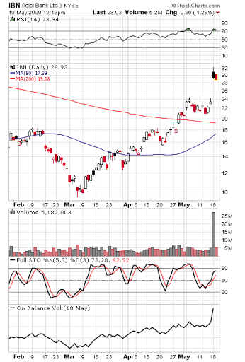 A useful tool for improving trading is to analyze trades that you did not take. IBN has been on my radar for since the April breakout. I did not trade it because the volume pattern was not to my liking.
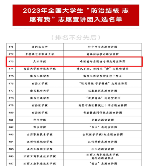 近日,国家疾病预防控制局传染病防控司联合团中央发布2023年全国大学生“防治结核 志愿有我”志愿宣讲团入选团队名单,校医院指导下的唯医志愿宣讲团成功入选2023年全国大学生“防治结核 志愿有我”志愿宣讲团。
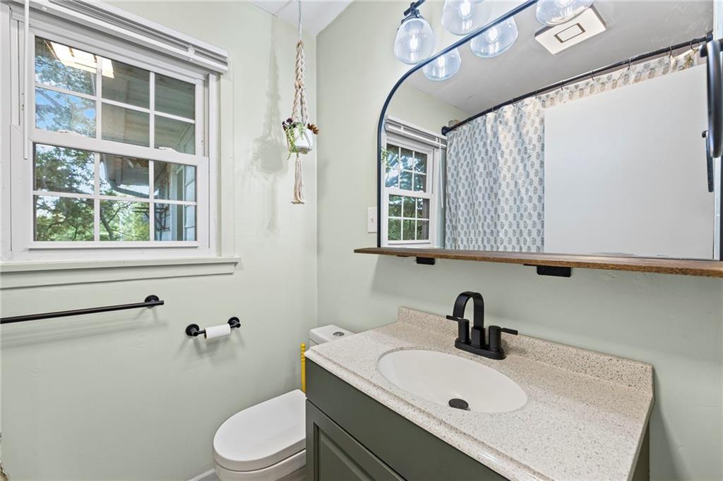 DON'T MISS OUT on this cozy, stylish, and move in ready home nestled in the Northland. As you arrive to the home, you will notice an extra long driveway providing tons of parking for family gatherings or football tailgates! Enter through the front door and you are greeted with beautifully refinished original hardwood floors, trendy wall colors, and a warm and inviting fireplace. In the kitchen you will find tasteful and modern updates such as: painted cabinets, new tile flooring, backsplash, countertops, fixtures, and a mobile island (which stays with the home!) providing additional counterspace for all of your cooking needs. The main bathroom features new tile floor, new sink, toilet, mirror, and fixtures. Continue to the oversized master bedroom, featuring a walk in closet, tons of natural light, and a door to the exterior. The backyard is massive, treed, and serene. Close to highways, shopping, trails and parks. A MUST SEE!
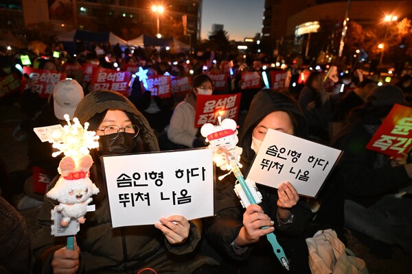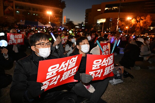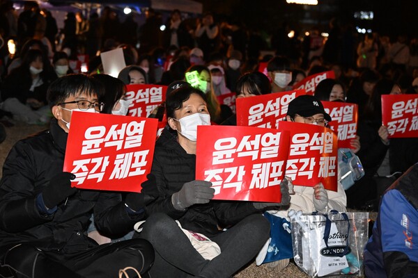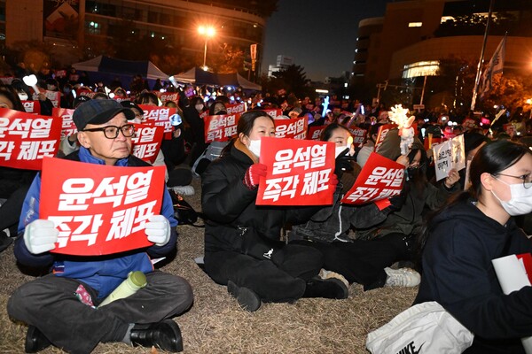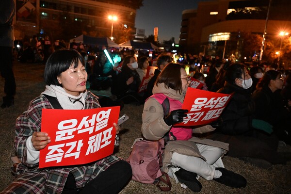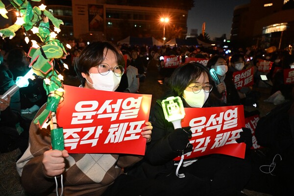 '내란수괴 윤석열 탄핵! 체포! 내란공법 국민의 힘 해체!'를 위한 창원시민대회가 2024년 12월 8일 오후 창원시청 앞 창원광장에서 열렸다. 시민들이 윤석열 퇴진 등의 구호를 외치고 있다. /김구연 기자
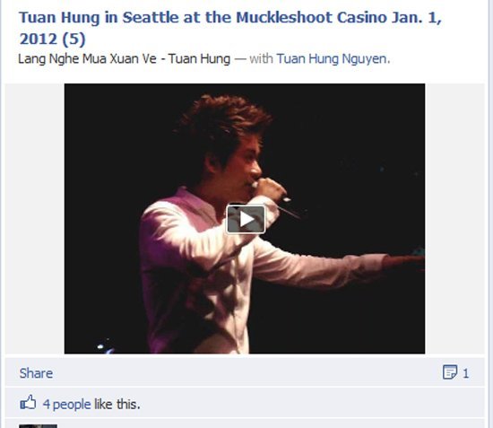 | Màn biểu diễn của Tuấn Hưng ở Mỹ vào ngày 1.1.2012 |
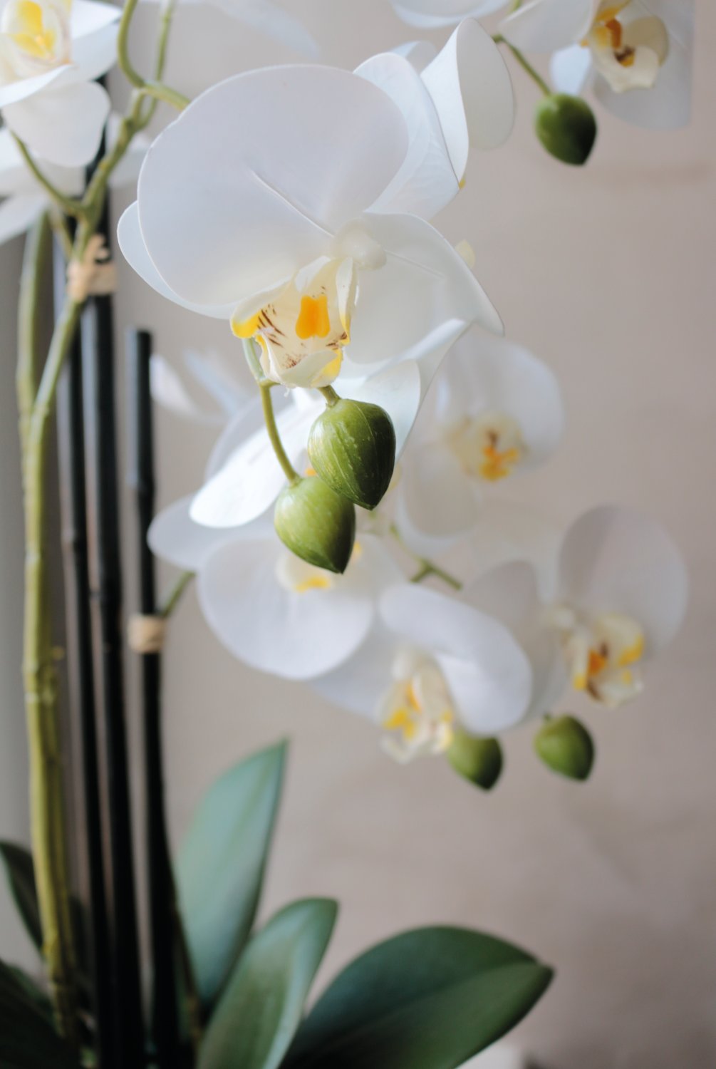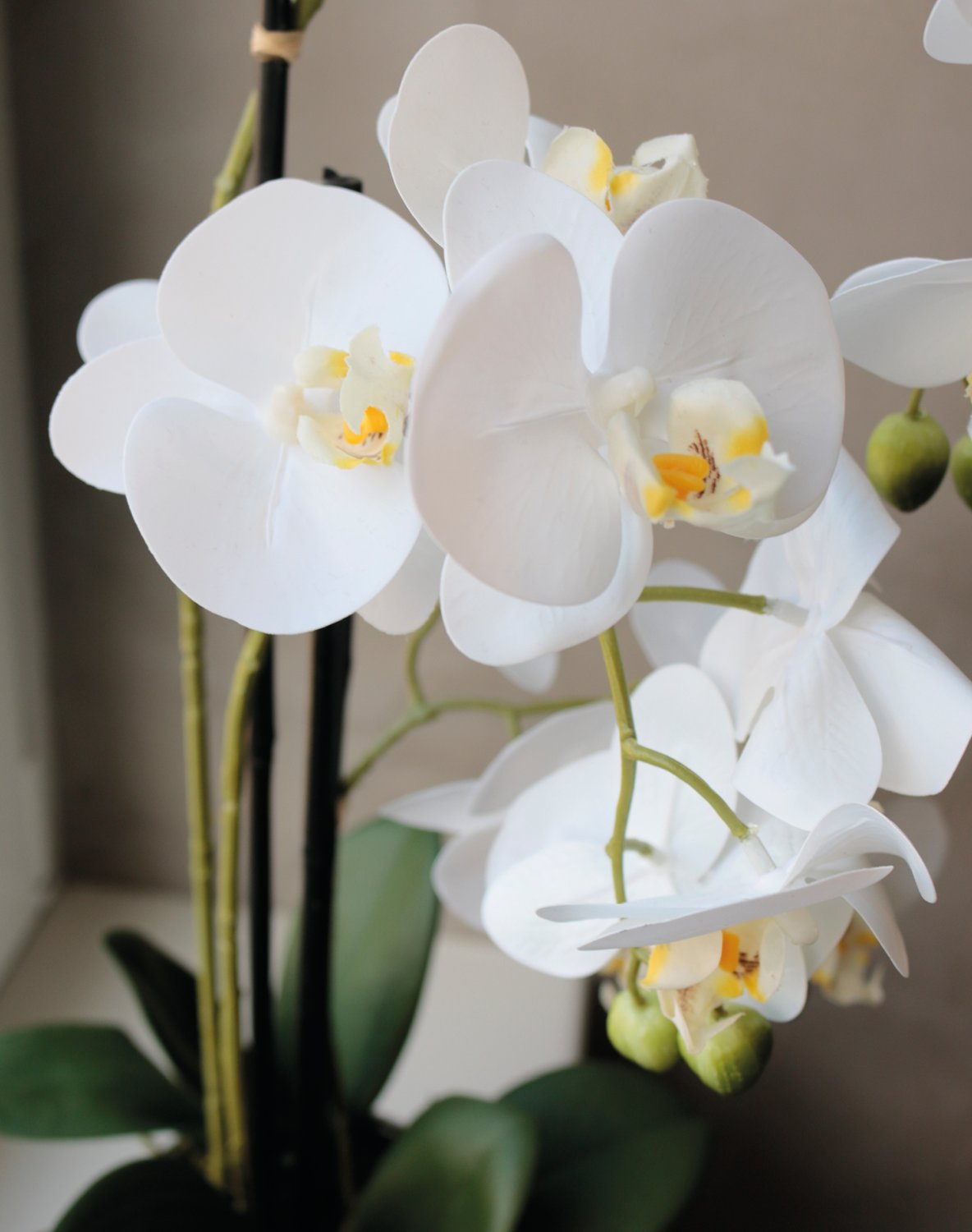 Produktinformationen "Künstliche Orchidee Phalaenopsis, 3-fach, getopft, 55 cm, Real Touch, creme-weiß"
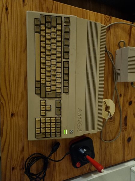 Amiga dator med joystick och strömadapter. Jag tror att det är en Amiga 500, men är osäker. Saknas eventuellt någon del, vet inte säkert då jag inte minns exakt vad som behövdes till denna dator. Saknar dessutom flera sladdar så har inte kunnat testa den, men den tar ström och startar med strömkabel.
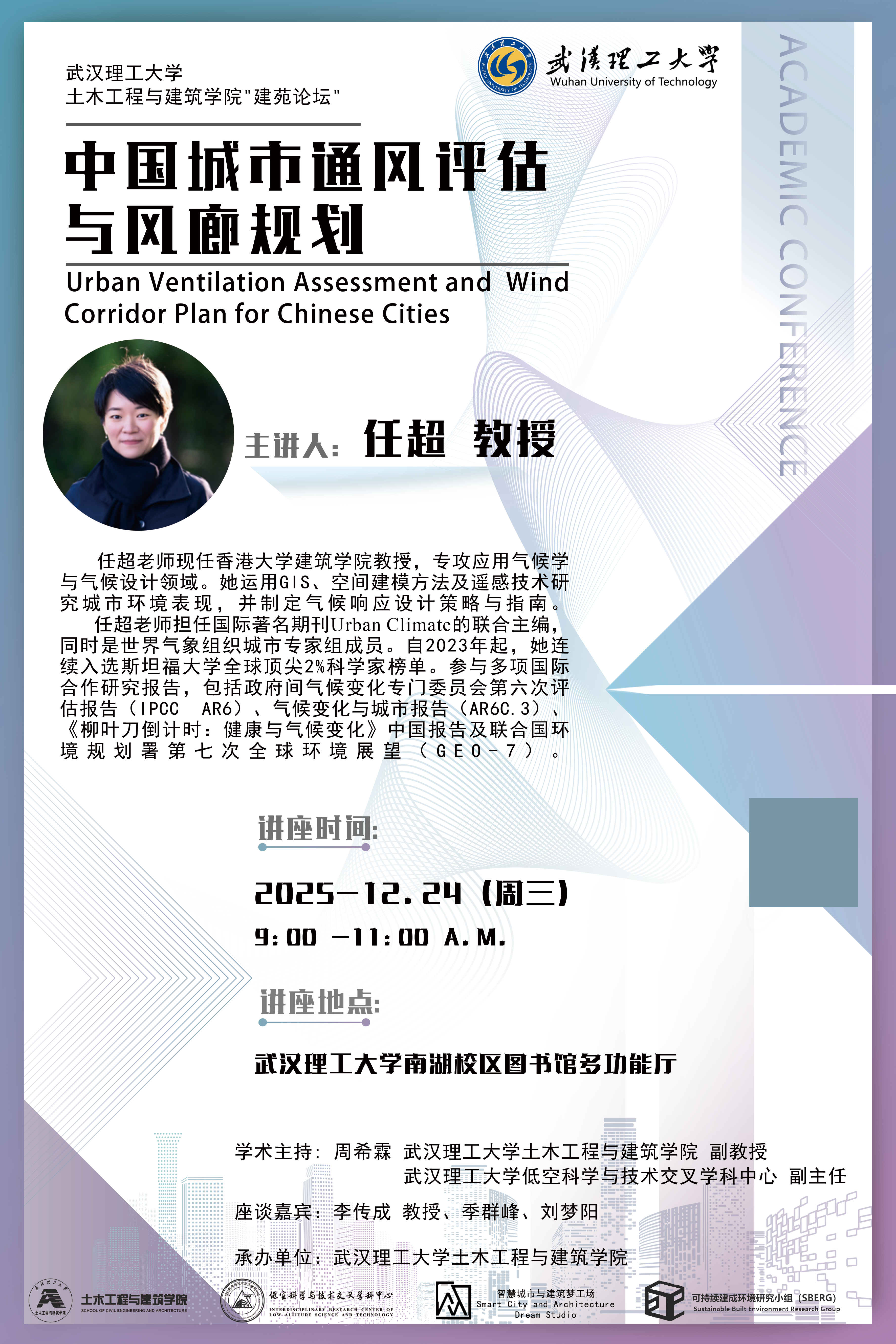 “建苑论坛”2025 第24讲 主题:中国城市通风评估与风廊规划
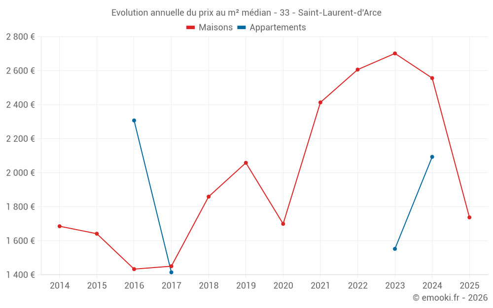 Le prix médian sur les 21 transactions de maisons des 24 derniers mois dans la commune de Saint-Laurent-d'Arce était de 2 557 € par mètre carré pour une valeur foncière médiane de 270 200 €. Sur cette période 60% des transactions se sont situées entre 1 738 et 2 897 € par mètre carré (du 2ème au 8ème déciles).
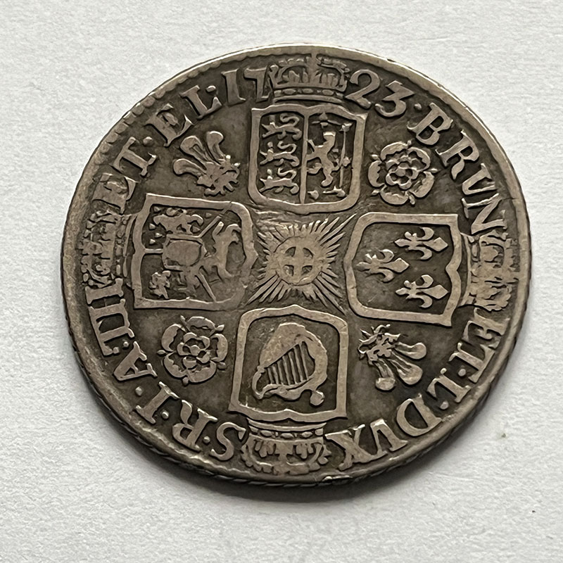 George I Shilling 1723 GF, Roses and Plumes.
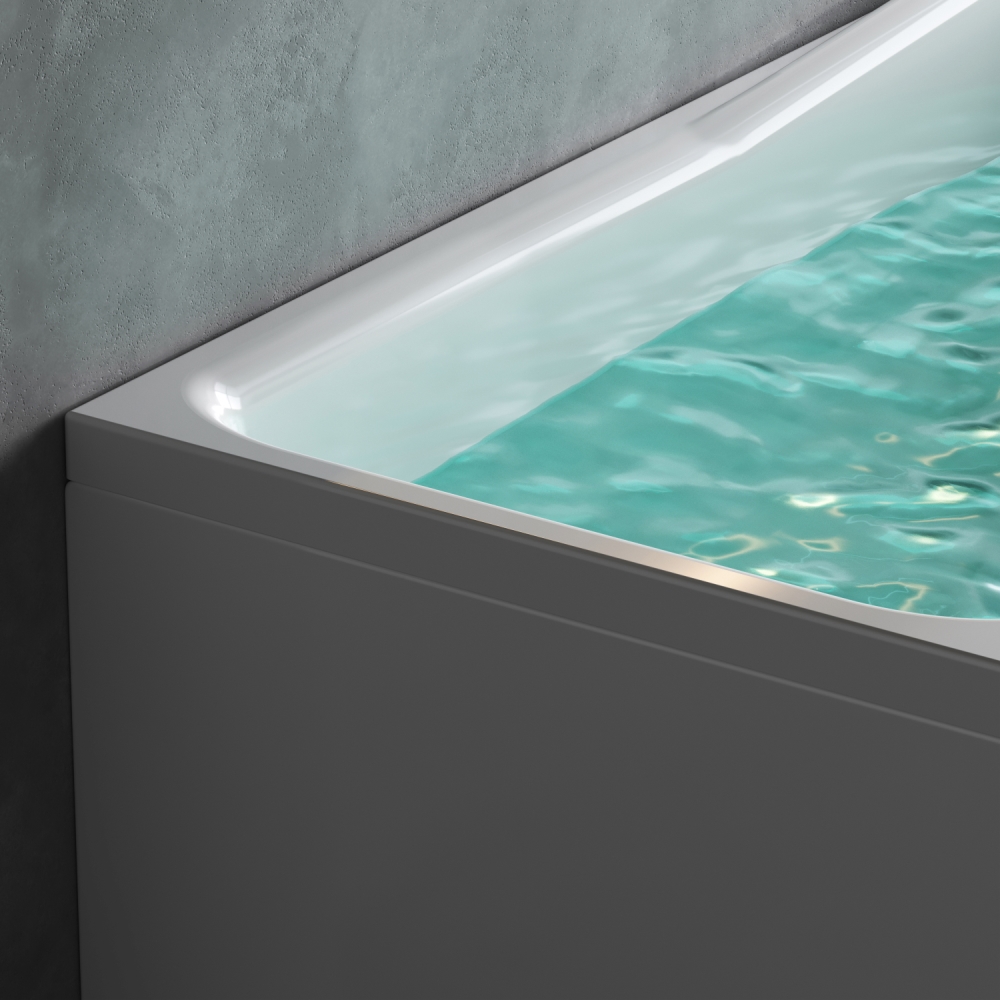 Ванна из литого акрила, армированная. Материал отличается прочностью и имеет гладкую поверхность без пор, что препятствует размножению бактерий и облегчает уход за ванной.

::::::

◆ **TASK DIRECTIONS**: Output the listing above in full and exactly, with pictures excluded.

◆ **RESULT OF THIS TASK**:
 A useful tool for improving trading is to analyze trades that you did not take. IBN has been on my radar for since the April breakout. I did not trade it because the volume pattern was not to my liking.
 近日,国家疾病预防控制局传染病防控司联合团中央发布2023年全国大学生“防治结核 志愿有我”志愿宣讲团入选团队名单,校医院指导下的唯医志愿宣讲团成功入选2023年全国大学生“防治结核 志愿有我”志愿宣讲团。
 DON'T MISS OUT on this cozy, stylish, and move in ready home nestled in the Northland. As you arrive to the home, you will notice an extra long driveway providing tons of parking for family gatherings or football tailgates! Enter through the front door and you are greeted with beautifully refinished original hardwood floors, trendy wall colors, and a warm and inviting fireplace. In the kitchen you will find tasteful and modern updates such as: painted cabinets, new tile flooring, backsplash, countertops, fixtures, and a mobile island (which stays with the home!) providing additional counterspace for all of your cooking needs. The main bathroom features new tile floor, new sink, toilet, mirror, and fixtures. Continue to the oversized master bedroom, featuring a walk in closet, tons of natural light, and a door to the exterior. The backyard is massive, treed, and serene. Close to highways, shopping, trails and parks. A MUST SEE!
 '내란수괴 윤석열 탄핵! 체포! 내란공법 국민의 힘 해체!'를 위한 창원시민대회가 2024년 12월 8일 오후 창원시청 앞 창원광장에서 열렸다. 시민들이 윤석열 퇴진 등의 구호를 외치고 있다. /김구연 기자
 | Màn biểu diễn của Tuấn Hưng ở Mỹ vào ngày 1.1.2012 |
 Produktinformationen "Künstliche Orchidee Phalaenopsis, 3-fach, getopft, 55 cm, Real Touch, creme-weiß"
 Amiga dator med joystick och strömadapter. Jag tror att det är en Amiga 500, men är osäker. Saknas eventuellt någon del, vet inte säkert då jag inte minns exakt vad som behövdes till denna dator. Saknar dessutom flera sladdar så har inte kunnat testa den, men den tar ström och startar med strömkabel.
 “建苑论坛”2025 第24讲 主题:中国城市通风评估与风廊规划
 Le prix médian sur les 21 transactions de maisons des 24 derniers mois dans la commune de Saint-Laurent-d'Arce était de 2 557 € par mètre carré pour une valeur foncière médiane de 270 200 €. Sur cette période 60% des transactions se sont situées entre 1 738 et 2 897 € par mètre carré (du 2ème au 8ème déciles).
 George I Shilling 1723 GF, Roses and Plumes.
 Ванна из литого акрила, армированная. Материал отличается прочностью и имеет гладкую поверхность без пор, что препятствует размножению бактерий и облегчает уход за ванной.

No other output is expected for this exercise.